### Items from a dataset
————————

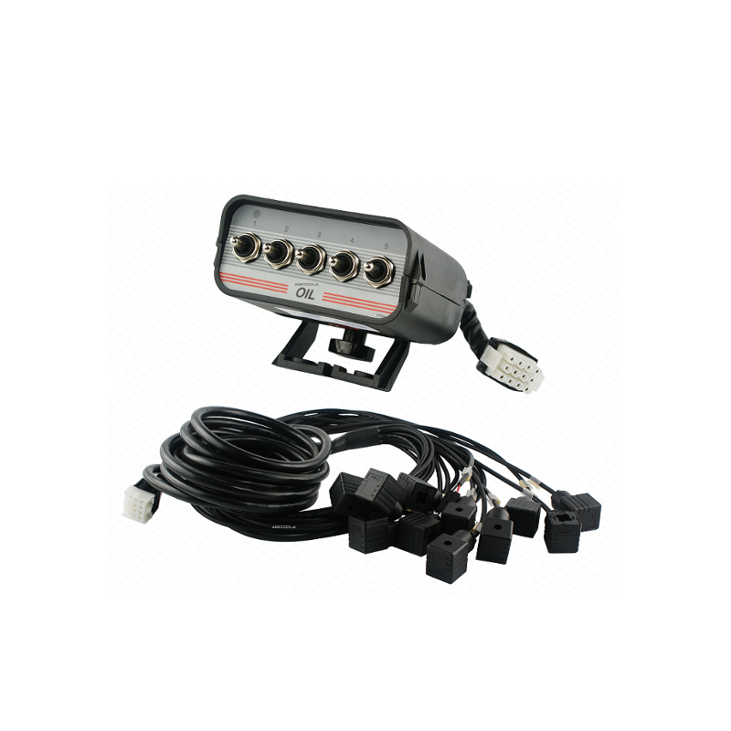 Počet ovládaných sekcí v rozvaděči: 5 Všechny spínače nahoru a dolů s automatickým centrováním (1-0-2) bez západky. Panel lze připojit ke zvukovému nebo světelnému výstražnému signálu. --------------------------------------------------------------------------- Materiál těla: plast Napětí: 12V DC --------------------------------------------------------------------------- Délka napájecího kabelu: 2m Elektrické připojení: zástrčka 3-pólova 25A --------------------------------------------------------------------------- Délka kabelu pro připojení rozvaděče: 4m Elektrické připojení: zástrčky 3-pólove, ISO 43650
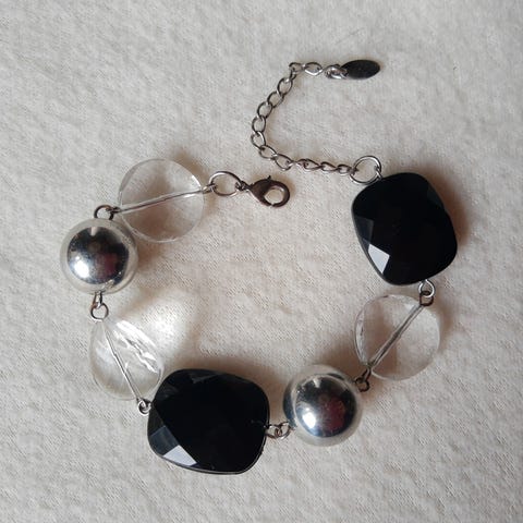 Pienistä puuhelmistä tehty monikerroksinen rannekoru. Mukavan joustava myös.
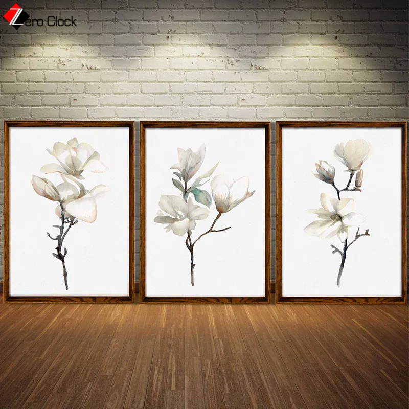 Картина на холсте с изображением магнолии, минималистичное настенное искусство, плакат с белым цветком магнолии, подарок для женщин, Цветочный декор для комнаты без рамки
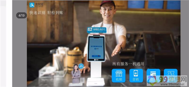 刷脸支付在2018年就已经进入商用阶段,随着支付宝“蜻蜓”和微信支付“青蛙”上线,刷脸支付使用场景更是从大型超市、连锁餐厅等中大型收银场景,扩张到水果店、小卖部等小型收银场景9_9_信_息_网。刷脸支付正在掀起新零售新浪潮9 9 x i n x i n e t。可以预见未来刷脸支付将会普及到任何一个收银场景99信息网www.99xinxi.net。‘欢迎个人或者全国各地团队领导人合作,探讨,共赢!刷脸已至,未来已来,您来不来?
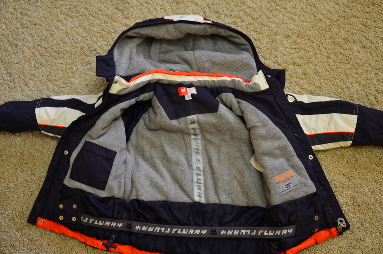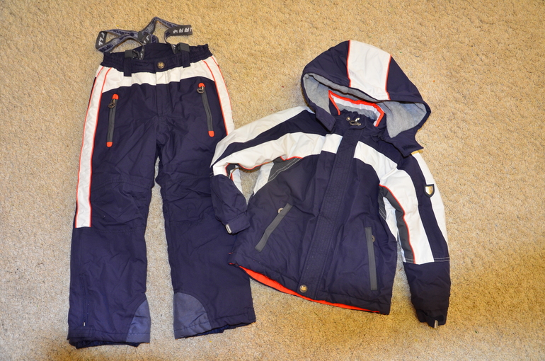 комплект в идеальном состоянии, очень теплый. Рост 116, носить можно со 110 и до 122. В комплекте варежки.
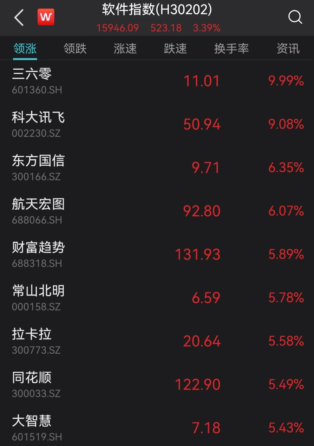 在通信板块带动下,涵盖数字经济、信创等主题在内的中证全指软件指数(H30202)大涨3.39%,三六零、东方国信等个股均涨逾6%。
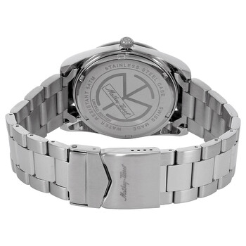 Stainless steel case with a stainless steel bracelet. Fixed stainless steel bezel. Yellow dial with luminous silver-tone hands and index hour markers. Arabic numeral minute markers (at 5 minute intervals). Minute markers around the outer rim. Dial Type: Analog. Luminescent hands and markers. Date display at the 3 o'clock position. Ronda caliber 505 quartz movement. Scratch resistant mineral crystal. Pull / push crown. Solid case back. Round case shape. Case size: 42 mm. Case thickness: 11 mm. Band width: 20 mm. Deployment clasp with a push button release. Water resistant at 30 meters / 100 feet. Functions: date, hour, minute, second. Mathy Sunray Series. Casual watch style. Watch label: Swiss Made. Mathey-Tissot Mathy Sunray Quartz Men's Watch H451J.
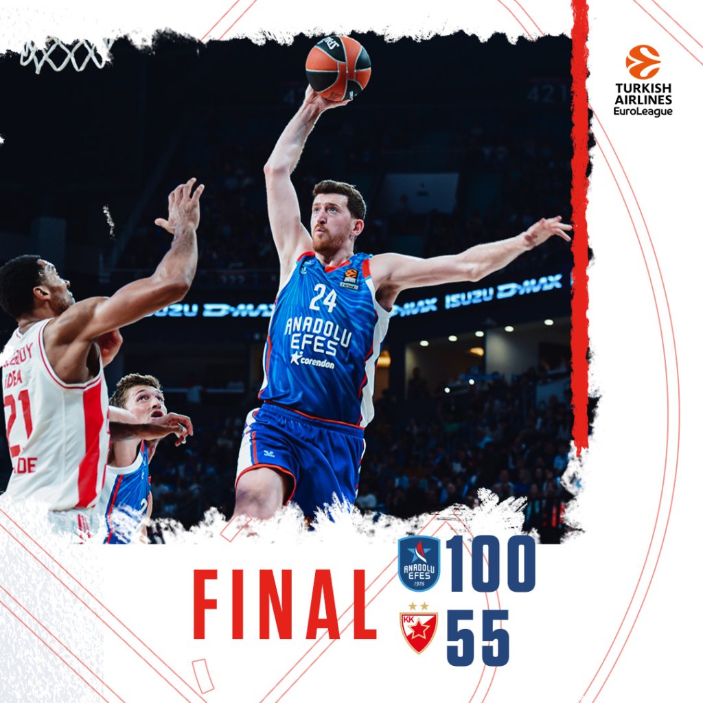 Η Αναντολού Εφές ήθελε τη νίκη για να πάρει την 9η θέση και να εξασφαλίσει τα play in και το πέτυχε με το επιβλητικό 100-55 κόντρα στον αδιάφορο βαθμολογικά Ερυθρό Αστέρα.
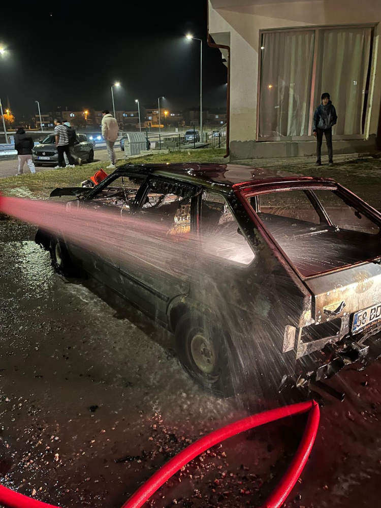 Durumun bildirilmesi üzerine olay yerine itfaiye ekipleri sevk edildi. İtfaiyenin müdahalesiyle yangın söndürülürken otomobil adeta hurda yığınına dönerek kullanılamaz hale geldi.
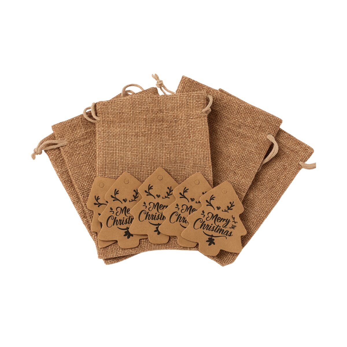 Woreczki jutowe + zawieszki choinki Merry Christmas

————————

### Task statement
From the line containing "Durumun bildirilmesi üzerine" down to the last line of the data, print every line exactly and nothing else. Pictures stay out of the copy.

### Response area
 Durumun bildirilmesi üzerine olay yerine itfaiye ekipleri sevk edildi. İtfaiyenin müdahalesiyle yangın söndürülürken otomobil adeta hurda yığınına dönerek kullanılamaz hale geldi.
 Woreczki jutowe + zawieszki choinki Merry Christmas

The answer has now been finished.